=== TASK TO COMPLETE ===
Taking the line with "Tuan punya tanah" as the first and the line with "Cool t-shirt i" as the last, set down the lines below exactly, pictures excluded.

=== DATA ===
——————

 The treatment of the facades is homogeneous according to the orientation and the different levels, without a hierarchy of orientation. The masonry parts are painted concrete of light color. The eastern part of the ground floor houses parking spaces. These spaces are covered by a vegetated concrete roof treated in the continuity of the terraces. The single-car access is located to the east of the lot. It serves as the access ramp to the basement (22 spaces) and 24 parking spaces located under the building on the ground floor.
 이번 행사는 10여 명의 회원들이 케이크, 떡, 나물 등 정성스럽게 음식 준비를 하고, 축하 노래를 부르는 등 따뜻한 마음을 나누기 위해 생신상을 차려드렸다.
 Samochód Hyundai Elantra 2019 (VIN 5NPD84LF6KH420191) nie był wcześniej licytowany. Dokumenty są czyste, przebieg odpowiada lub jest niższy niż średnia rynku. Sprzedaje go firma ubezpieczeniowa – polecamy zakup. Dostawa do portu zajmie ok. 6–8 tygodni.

——————

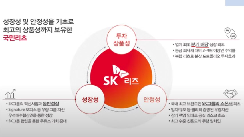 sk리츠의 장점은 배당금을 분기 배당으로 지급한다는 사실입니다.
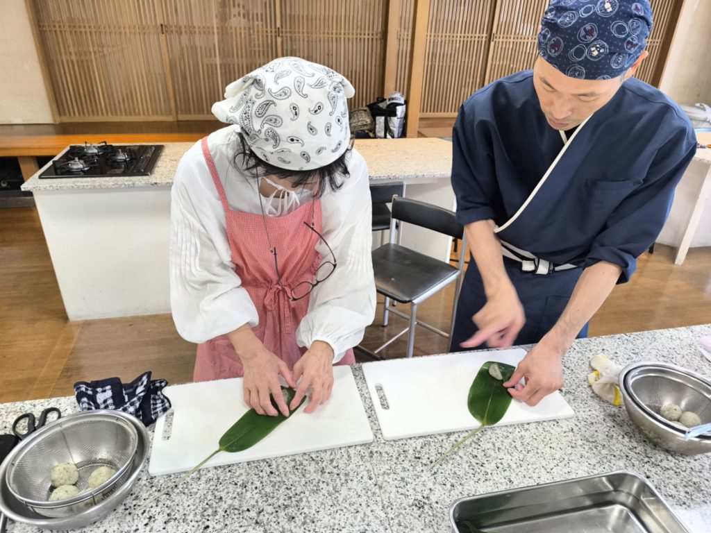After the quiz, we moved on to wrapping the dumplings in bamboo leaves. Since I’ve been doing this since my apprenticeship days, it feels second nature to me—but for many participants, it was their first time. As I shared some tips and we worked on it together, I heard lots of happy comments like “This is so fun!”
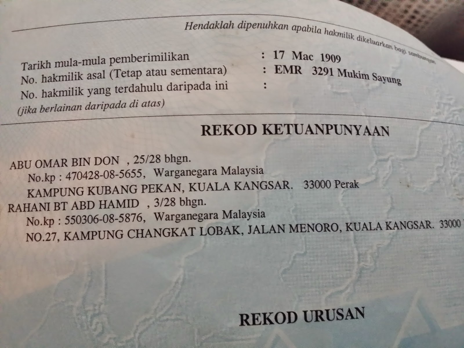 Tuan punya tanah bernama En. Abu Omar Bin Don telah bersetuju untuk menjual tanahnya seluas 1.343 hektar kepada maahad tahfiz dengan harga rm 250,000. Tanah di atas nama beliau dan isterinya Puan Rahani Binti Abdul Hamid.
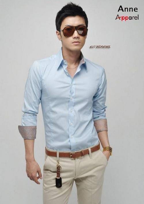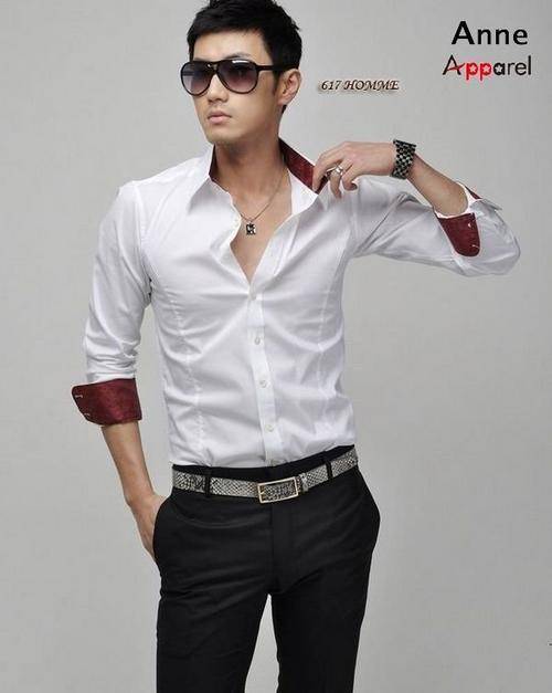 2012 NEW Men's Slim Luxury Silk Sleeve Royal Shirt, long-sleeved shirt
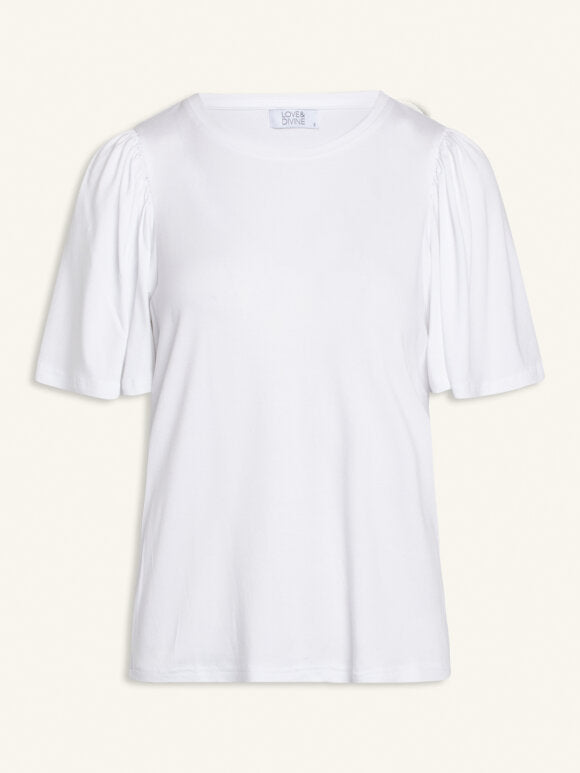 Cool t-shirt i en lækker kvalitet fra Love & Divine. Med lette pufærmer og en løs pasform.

——————

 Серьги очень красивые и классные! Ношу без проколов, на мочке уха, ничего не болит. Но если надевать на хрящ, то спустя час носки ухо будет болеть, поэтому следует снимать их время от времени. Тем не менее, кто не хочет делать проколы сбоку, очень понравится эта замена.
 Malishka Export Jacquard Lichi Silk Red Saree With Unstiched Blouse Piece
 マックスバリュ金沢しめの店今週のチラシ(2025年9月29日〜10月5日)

——————

=== ANSWER SECTION ===
 Tuan punya tanah bernama En. Abu Omar Bin Don telah bersetuju untuk menjual tanahnya seluas 1.343 hektar kepada maahad tahfiz dengan harga rm 250,000. Tanah di atas nama beliau dan isterinya Puan Rahani Binti Abdul Hamid.
 2012 NEW Men's Slim Luxury Silk Sleeve Royal Shirt, long-sleeved shirt
 Cool t-shirt i en lækker kvalitet fra Love & Divine. Med lette pufærmer og en løs pasform.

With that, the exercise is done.